DESCRIPTION OF THE TASK
Nothing but the lines below from the one holding "Vintage Asian Art" up to and including the one holding "Marco Maggi, Three" should be copied, exactly and without pictures.

DATA TO USE
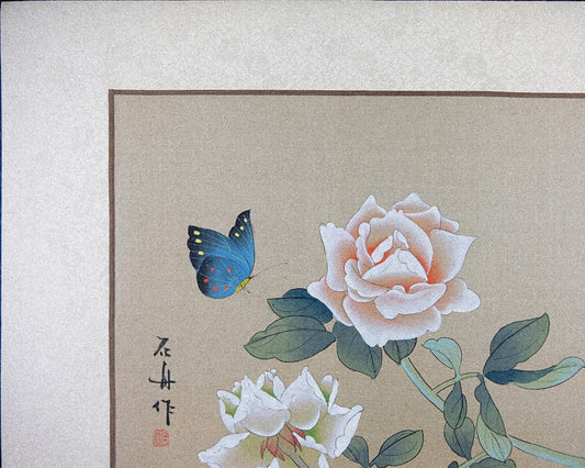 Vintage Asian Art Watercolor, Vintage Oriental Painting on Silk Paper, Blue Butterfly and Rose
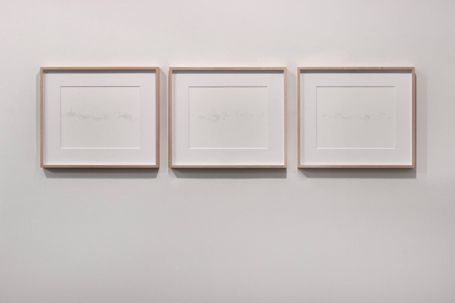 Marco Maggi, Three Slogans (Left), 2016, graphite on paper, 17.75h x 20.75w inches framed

---

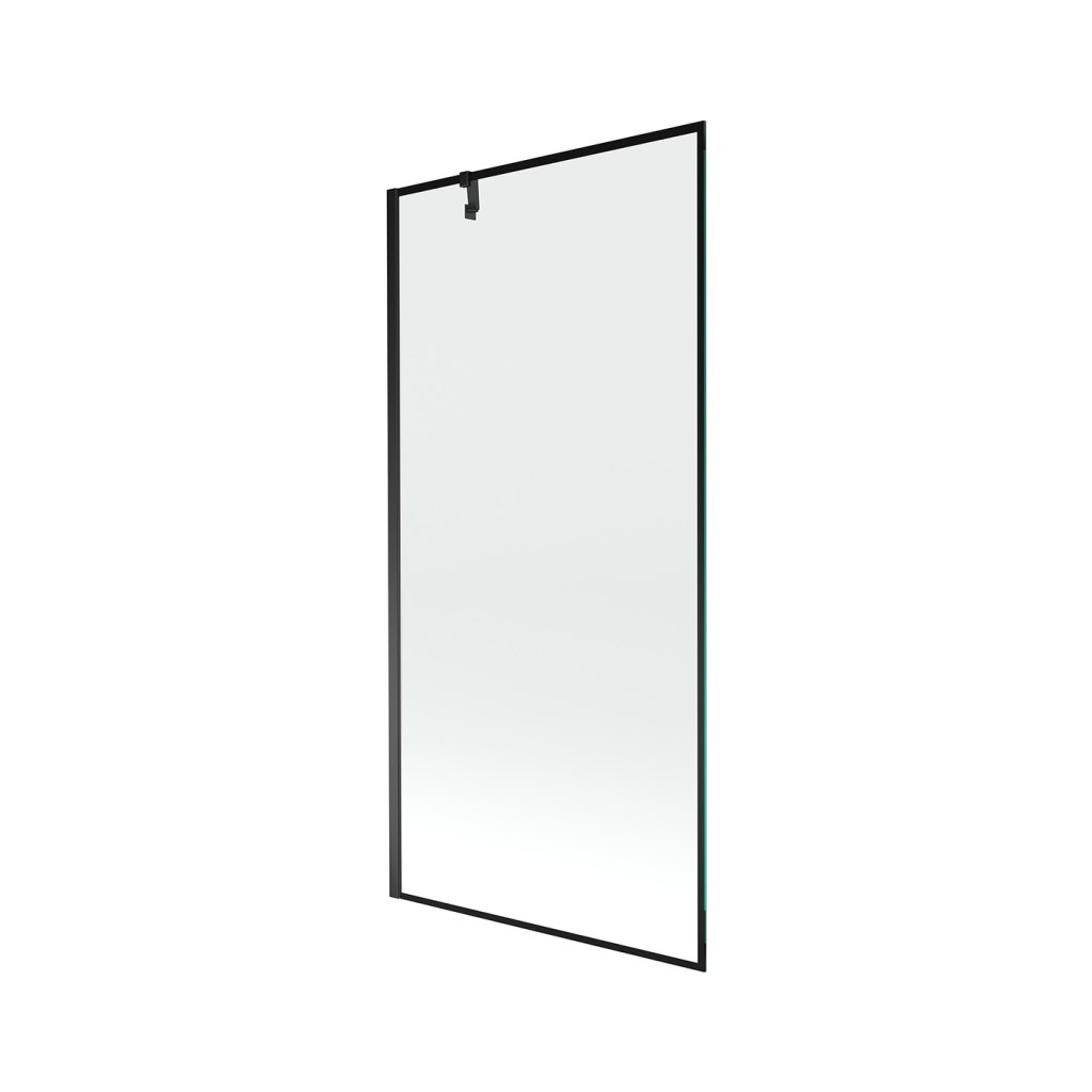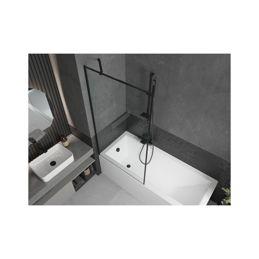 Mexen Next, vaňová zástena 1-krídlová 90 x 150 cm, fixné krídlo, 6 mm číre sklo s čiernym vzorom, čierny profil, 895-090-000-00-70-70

TASK RESPONSE
 Vintage Asian Art Watercolor, Vintage Oriental Painting on Silk Paper, Blue Butterfly and Rose
 Marco Maggi, Three Slogans (Left), 2016, graphite on paper, 17.75h x 20.75w inches framed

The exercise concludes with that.